Different approaches
The council race in Ward 13 isn’t about challenger versus incumbent. It’s about two different approaches to the role of city council member, each informed by different experiences.
Warren is focused on streamlining and modernizing city services. Doing so would free up time for council members to focus on pushing legislation to solve era-defining issues the city hasn’t yet had the capacity to address. She acknowledges Old Brooklyn’s need for ward-level action, but also keeps an eye on how the ward’s issues overlap with those of the whole city.
Kate Warren briefs a group of her campaigners at Loew Park in Old Brooklyn on Saturday, Oct. 16, 2021.
“If we can make those city services systems work better for residents, then they won’t need to be calling their council office every week,” Warren said.
“Then city council can be more thoughtful about the big picture because…the reality is that there are other big issues in Cleveland, like poverty and public health issues, that if we don’t get our heads around them and start strategically addressing them through public policy, they’re going to really hold our city back.”
To make those services work better, she proposes a more robust non-emergency phone line at city hall. Residents who don’t know where to report issues could call this universal line and get directed to the proper channels. Further, she proposes a smartphone app through which residents can log reports and check the status of service requests.
Harsh, on the other hand, acknowledges the limitations of a city council seat. He tells his constituents upfront that he doesn’t run on promises he isn’t confident he can keep.
Rather, he focuses on the actionable steps he’d take to maintain and improve upon the working-class character of Old Brooklyn at a time when many residents feel like the neighborhood is in decline, he said. He has his sights set on defending the community’s housing stock, which he identifies as a core pillar of Old Brooklyn, from absentee investors with little interest in the community. For Harsh, it’s about doing right by his people.
“I want to be able to use my experience in life to help the neighborhood maintain and build as the people that live here see fit and make sure that nobody steps on them.” Harsh said.
“There are large, wealthy, monied interests in this city, and the residents of Old Brooklyn need somebody that’s gonna stand up for them even when they don’t have the organized effort — because organizing is really hard.”
Working as the housing director at the Metro West Community Development Corporation, Harsh has developed a strategy to identify absentee landlords and hold them accountable with strict housing code enforcement. He takes a light stance on owner-occupied homes with housing code violations, he said, instead offering resources to help owners get their homes up to code. With outside investor-owned properties, however, he threatens fines and litigation if they don’t correct violations quickly.

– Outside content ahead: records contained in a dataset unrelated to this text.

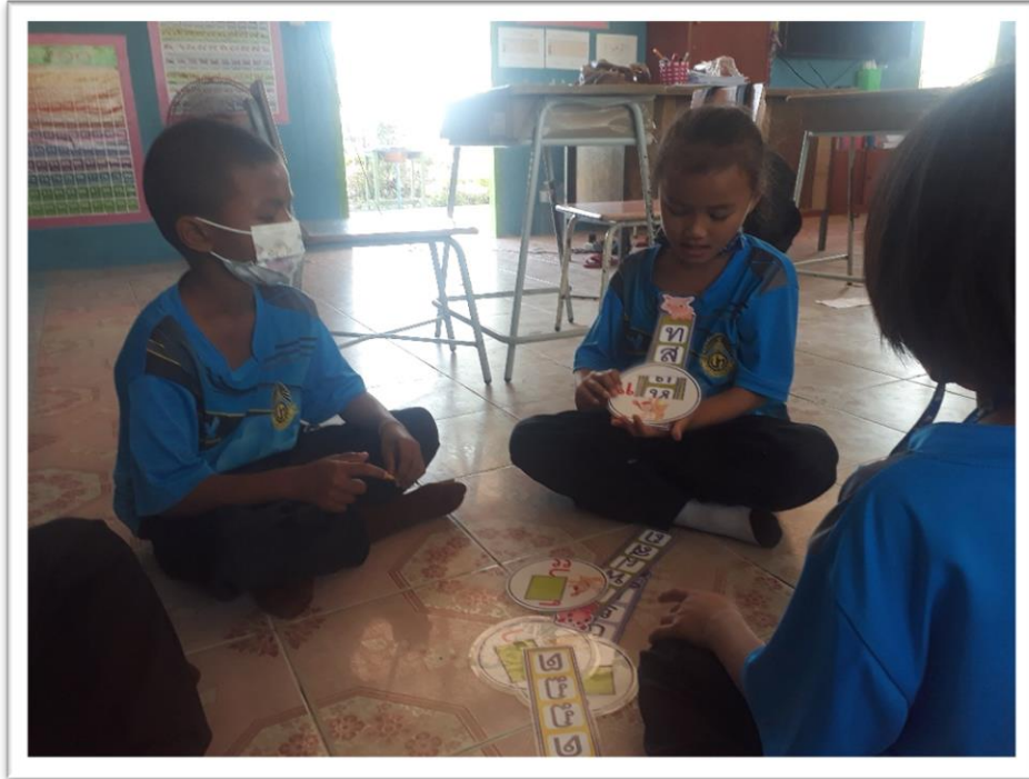
นักเรียนใช้นวัตกรรม
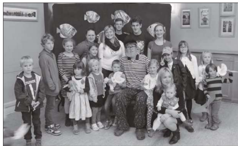
Koolilapsed, Teatribussi tegijad ja õpetajad.

Sel sügisel avab Berliini Eesti Kool pärast pikemat ettevalmistusperioodi oma ruumides raamatukogu. Raa-
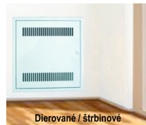
Dierované / štrbinové
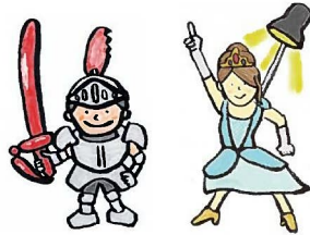
バルーンナイト ステージ姫
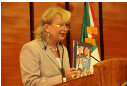
Ministra Olga Sánchez Cordero.

El 13 de mayo se realizó la inauguración del Foro Impartición de Justicia con Perspectiva de Género que realizó la CONATRIB, en colaboración con el Instituto Nacional de las Mujeres (INMUJERES), en el que se contó con la asistencia de representantes de 31 tribunales superiores de la República.
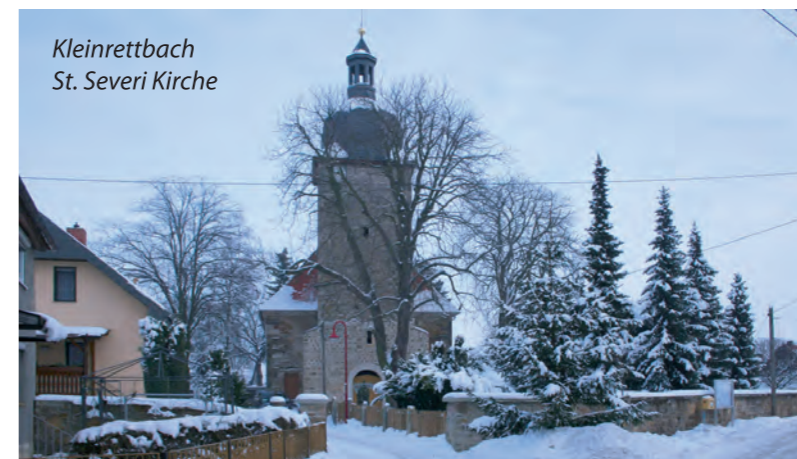
Kleinrettbach St. Severi Kirche

Zur Verbesserung der Bürgerzufriedenheit, um den Informationszugang zu erleichtern und um die Gemeinde nach innen und außen in ihrer gesamten Vielfalt darzustellen, ist eine Internetpräsenz erforderlich, in der sich alle Orte wiederfinden.
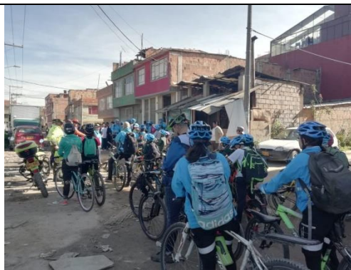
Foto 55: Bicirecorrido por los humedales de Kennedy, llegada a la primera estación sector sur del humedal La Vaca Fecha:07/06/2018

Krish Harsh speaks to Will at his Old Brooklyn home on Thursday, Oct. 14, 2021.
Old Brooklyn’s challenges
A lot of the concerns Harsh said his constituents regularly voice amount to questions about Old Brooklyn’s future. They don’t want to see the neighborhood decline.
Old Brooklyn has history as a working-class bastion. The law requiring Cleveland employees to live within the city bolstered that identity back in the 1980s and ‘90s as residential development surged.
The residency requirement was lifted in 2009, and Old Brooklyn has maintained its character as a diverse, working-class neighborhood with mixed-income residents. But with two brief crime sprees hitting the neighborhood in recent years, both Harsh and Warren said some residents worry that status might change.
“Crime is a statistic,” Harsh said, “safety is an emotion.”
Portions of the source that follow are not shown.